Keeping Girls Active – Ditch the Dress

Woah!  A ‘D grade’ for overall physical activity – that’s a fail.  Our school children aren’t getting the recommended 60 minutes of daily exercise.  They’re essentially getting a ‘D grade’ for both overall physical activity and sedentary behaviours.   That’s pretty alarming.  We can agree we ‘must try harder’ on getting school kids to be active. 

Active for longer than sports lessons

The school day is long and Health & Physical Education (HPE) lessons relatively short.  We need to encourage children to be active during break times to hit their daily exercise target.  Girls do less exercise than boys, and that holds true in the playground.  Girls do significantly less physical activity when wearing formal school uniform (a dress), than when wearing sports uniform (shorts).  And sports uniforms where shorts or pants are allowed, in some schools, are worn for one lesson, once-a-week. 

Two recent Australian studies show 10 to 13 year old girls found their uniform significantly restricted their ability to play at lunchtime.  If girls wore active-friendly clothing it would encourage them to be more physically active.   

Have you tried kicking a footy in a dress?

This is not news; our Australian female sports stars and Girls Uniform Agenda supporters experienced this at school.  Australian Football Women’s League player, Karen Paxman says: 

I wasn’t allowed to wear shorts or pants during the Summer months at my high school, and it had a big impact on what I could and couldn’t do physically day to day. Looking back on those years now I feel a little annoyed and even a little sad, because I remember so many times not joining in with my friends who were having a kick of the footy, because I was wearing a dress. 

Not allowing girls and young women to wear shorts or pants at school…hugely limits the amount of sport and physical activity they are able to do during their school day.” 

Emma Kearney, Australian Football Women’s League and Women’s Big Bash League player, knows from personal experience and from being a Physical Education Teacher, how limiting skirts and dresses can be for girls: 

“As a PE teacher I have seen firsthand the damage forcing girls to wear school dresses has on the individual.
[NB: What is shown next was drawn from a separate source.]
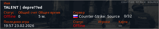 Играет на Counter Strike Source сервере. Страна: РоссияПервый раз замечен 19:46 23.02.2026

They are completely restrictive, which discourages girls from being active... 

Girls are already placed in a stereotype where it is seen to be ‘non-feminine’ to be active and play sports. They certainly don’t need the further push they are getting by being forced to put on their school dress each morning… 
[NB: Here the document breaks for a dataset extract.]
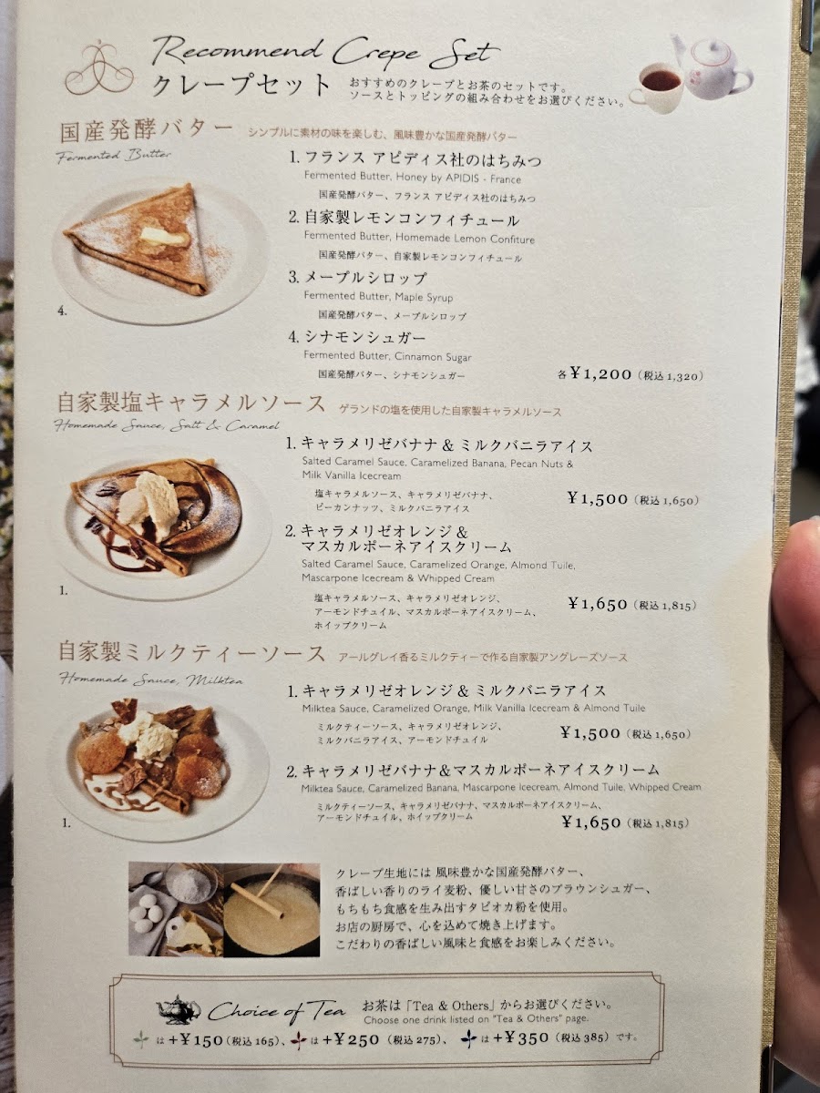 おすすめのクレープとお茶のセットです。ソースとトッピングの組み合わせをお選びください。

When I was in primary school it was such a pain playing both footy and cricket in the dress. I was always so excited when we had PE, because I could wear my PE uniform for the whole day. In the PE uniform I wasn’t restricted when I played.” 

Being active helps girls

Exercise is really important for teenage girls, particularly for increasing their self-esteem and positive body image.  It helps to reduce their stress, levels of anxiety and depression, as well as prevent future illness.  Keeping girls physically active, especially as they transition through adolescence, can help maintain their physical, psychological and emotional health.  Importantly, it contributes to their overall happiness. 

Ditch the dress

To turn that D-grade into an A-grade and for girls to benefit from the positives of exercising regularly, we need to ditch dresses and skirts.  At the very least, we need pants and shorts to be an option available to all girls, in all schools.  We need parents to consider how limiting dresses are when buying their children’s school uniforms, or sitting on school P&C committees.  We need to think seriously about whether dresses and skirts are the best choice. Girls are not running around and getting their 60 minutes of daily exercise, in part because their uniform makes it too difficult to be active. 

We can’t have something as simple as wearing a skirt or dress be a barrier to physical activity and to safeguarding the health and well-being of our school girls.  Let’s try harder, let’s make keeping girls active a priority: bring on shorts and pants for girls, our A-grade and the gold medals!